Run Mock Logger service¶
In the provided Siddhi app, there is a HTTP sink configured to push output events to an HTTP endpoint. To verify that, please download the mock server jar and run that mock service by executing below command.
java -jar logservice-1.0.0.jar
Invoking the Siddhi App¶
As mentioned in the previous steps, there is a service running in Siddhi side which is listening for events related to movie review comments. As per the Siddhi query that we wrote in the ‘Implementation’ section, respective service can be accessed via 'http://0.0.0.0:8006/feedbackInputStream'.
As per the app, if the review comment is positive, movies similar to the reviewed movie will be returned as recommendations.
curl -v -X POST -d \
'{"event": {"userId": "user105", "movieId": "avatar", "reviewComment": "Best movie experience of the last 30 years.."}}' \
"http://localhost:8006/feedbackInputStream" -H "Content-Type:application/json"
If you invoke, above cURL request then Siddhi would identify it as a positive feedback and recommends similar movies. In this guide, for simplicity we are just logging the movie recommendations as below.
INFO {io.siddhi.core.stream.output.sink.LogSink} - Realtime-Movie-Recommendation-App : RecommendedMovieStream : Event{timestamp=1568785937271, data=[user105, {After Earth, Star Trek Into Darkness, Oblivion, The Croods}], isExpired=false}
Deployment¶
Once you are done with the development, export the Siddhi app that you have developed with File -> Export File option.
You can deploy the Siddhi app using any of the methods listed below.
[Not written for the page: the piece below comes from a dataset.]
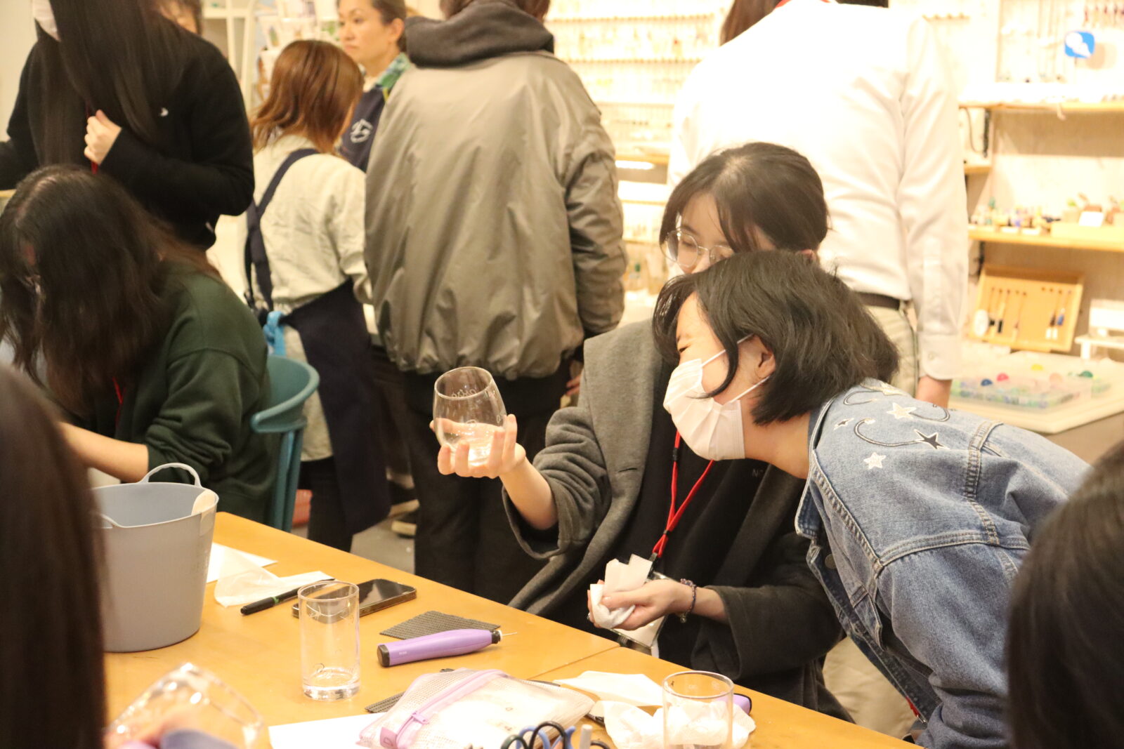 The group then participated in a glass etching experience. Using a tool called a Leutor, they engraved their favorite designs onto the glass surface. Students seriously focused on carving characters from their favorite anime or various letters. They showed each other their work in progress and finished pieces, making the activity a wonderful memento of the trip.

NOTE: In the above provided Siddhi app, there are some environmental variables (SENTIMENT_ANALYSIS_TF_SAVED_MODEL_PATH and MOVIE_RECOMMENDATION_PMML_MODEL_PATH) which are mandatory to be set for Siddhi application to execute. Again, there is a mock service configured to publish the movie recommendations. Please configure LOGGER_SERVICE_HOST environment property to point the host where mock service is running.
- SENTIMENT_ANALYSIS_TF_SAVED_MODEL_PATH: Absolute path to the pre-trained tensorflow saved model directory.
- MOVIE_RECOMMENDATION_PMML_MODEL_PATH: Absolute path to the pre-trained PMML file.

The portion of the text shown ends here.